15. Next step — 1-week validation sprint

  • Day 1–2: Scrape ICPAK firm directory + KEPSA/KAM/KNCCI member contacts. Build a list of 200 Nairobi-based accounting firms and SME bookkeepers. Write a 60-second Loom in Sheng-English: “Here’s the tool you wished existed for buyer-side eTIMS. Want a free 30-day audit of your client’s books?”
  • Day 3–4: Run 50 manual “free audits” by hand: customer forwards their last 30 days of supplier invoices, we OCR + verify against iTax + return a PDF showing % at risk and the specific suppliers. No software — humans + a spreadsheet.
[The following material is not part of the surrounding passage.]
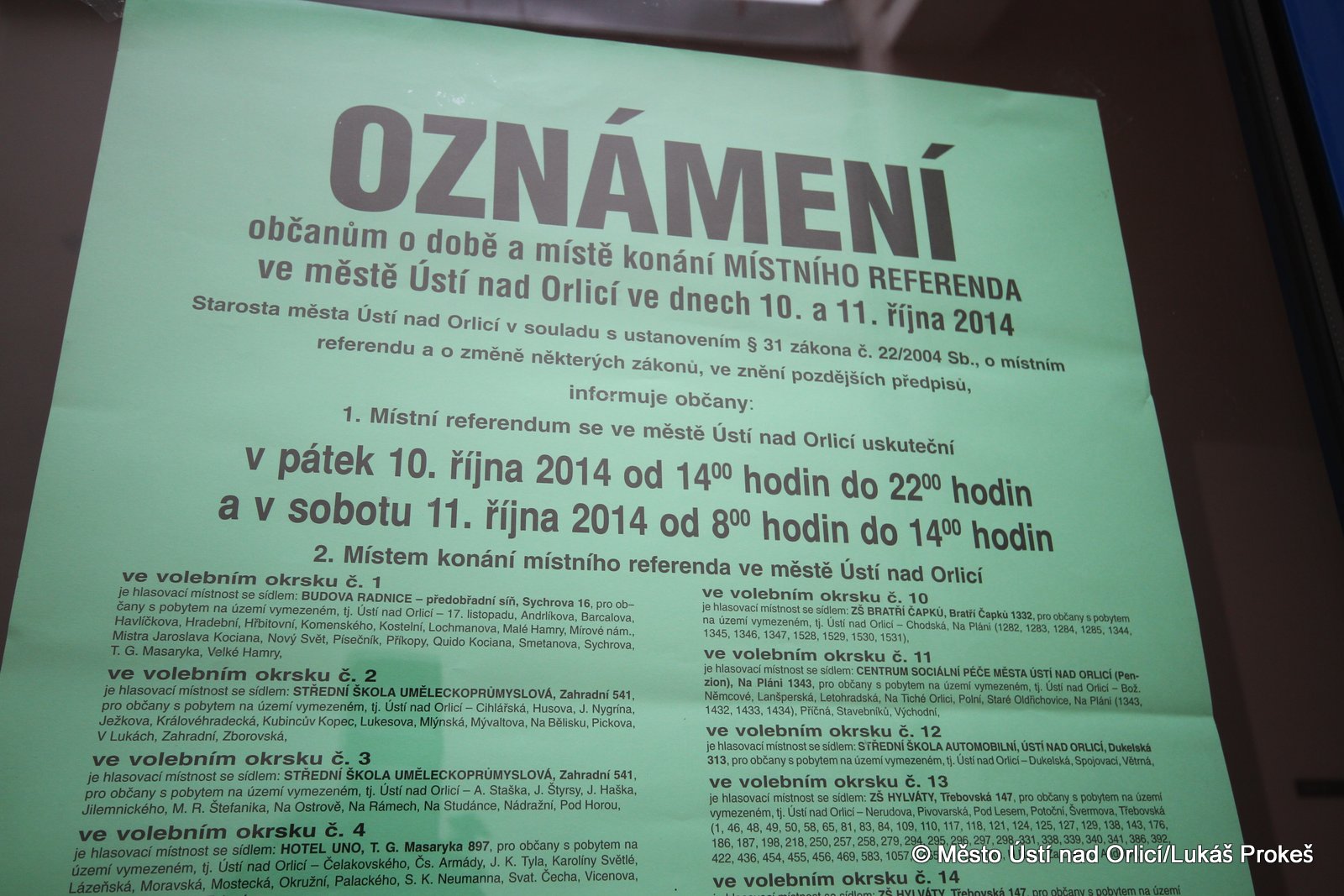 V pátek 10. října ve 14 hodin se otevřely volební místnosti pro volby do zastupitelstev města a obcí. Podle aktuálních informací přesáhla volební účast v komunálních volbách 20 procent. Konkrétně to v 18 hodin bylo 20,31 procenta na všech 17 okrscích v Ústí nad Orlicí. Některé okrsky v tuto dobu přesáhly již 24 procent. Co se týká místního referenda statistika průběžné volební účasti se nehlásí.
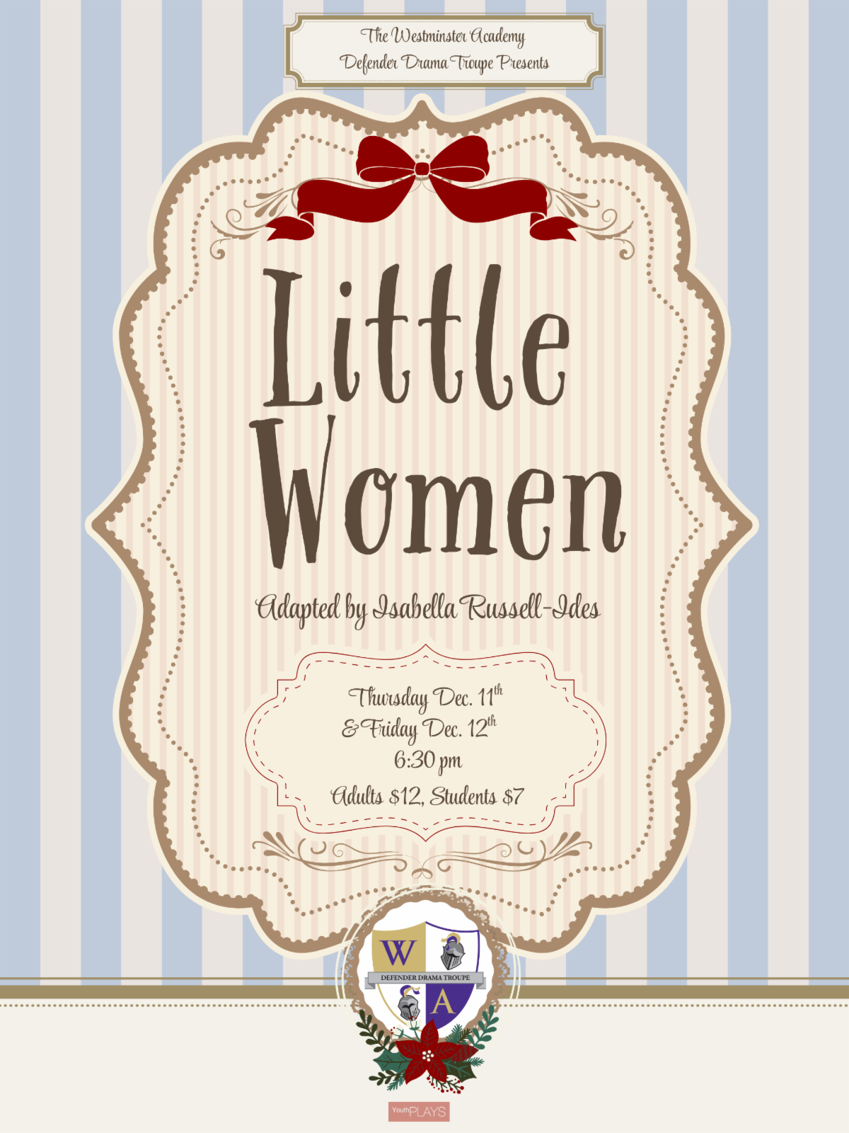 The Defender Drama Troupe will be staging Louisa May Alcott's Little Women, adapted by Isabella Russel-Ides, on Thursday, December 11, and Friday, December 12, at 6:30pm, in the RBC Youth Room of the CLC. Tickets may be purchased at the door via FACTS, cash, or check. Cost is $12 for adults and $7 for students and senior citizens.

Measure: % of invoices noncompliant, % of customers who say “send me the bill.”
  • Day 5: Decide go / no-go on the metric: ≥10 paid LOI from accounting firms at KES 4,500/mo (firm pays, covers their clients) OR ≥15 individual SMEs handing over M-Pesa Paybill auth at KES 2,500/mo on the spot = GO. Anything less = either pricing is wrong, pain isn’t acute yet, or accountant trust takes longer than the playbook assumes.

Falsifiable target: 10 LOI from firms in 5 days. Hit it or rethink.